◆ Provided records:
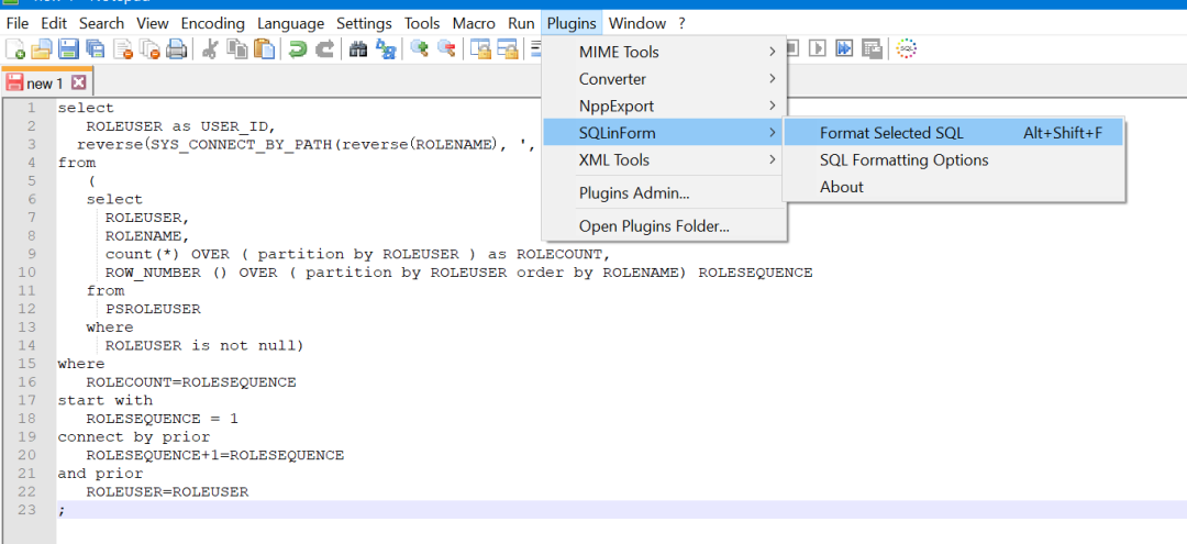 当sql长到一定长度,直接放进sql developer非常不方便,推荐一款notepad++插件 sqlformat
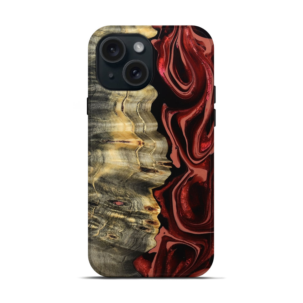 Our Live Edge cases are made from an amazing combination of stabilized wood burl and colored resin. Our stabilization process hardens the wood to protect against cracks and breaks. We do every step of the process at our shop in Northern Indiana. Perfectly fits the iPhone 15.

...

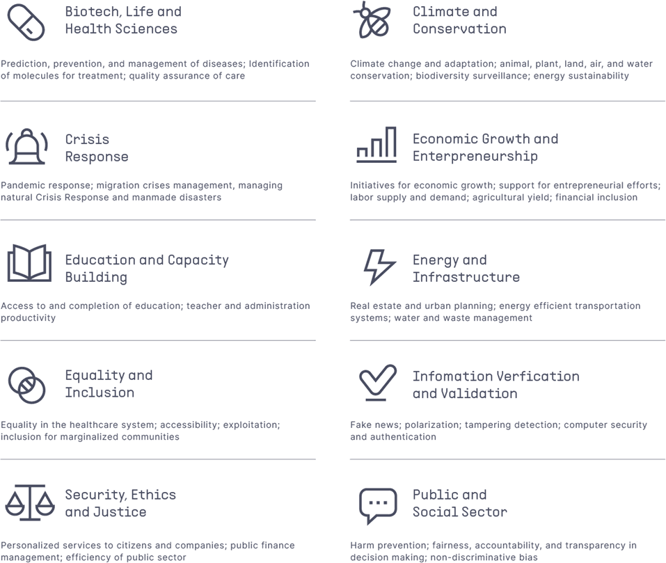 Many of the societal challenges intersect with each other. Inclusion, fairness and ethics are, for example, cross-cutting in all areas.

◆ To do: A clean copy is needed of the lines above from the one with "当sql长到一定长度,直接放进sql developer非常不方便,推荐一款notepad++插件 sqlformat" up to and including the one with "Our Live Edge". Please set it down exactly, with no pictures.

◆ Solved exercise:
 当sql长到一定长度,直接放进sql developer非常不方便,推荐一款notepad++插件 sqlformat
 Our Live Edge cases are made from an amazing combination of stabilized wood burl and colored resin. Our stabilization process hardens the wood to protect against cracks and breaks. We do every step of the process at our shop in Northern Indiana. Perfectly fits the iPhone 15.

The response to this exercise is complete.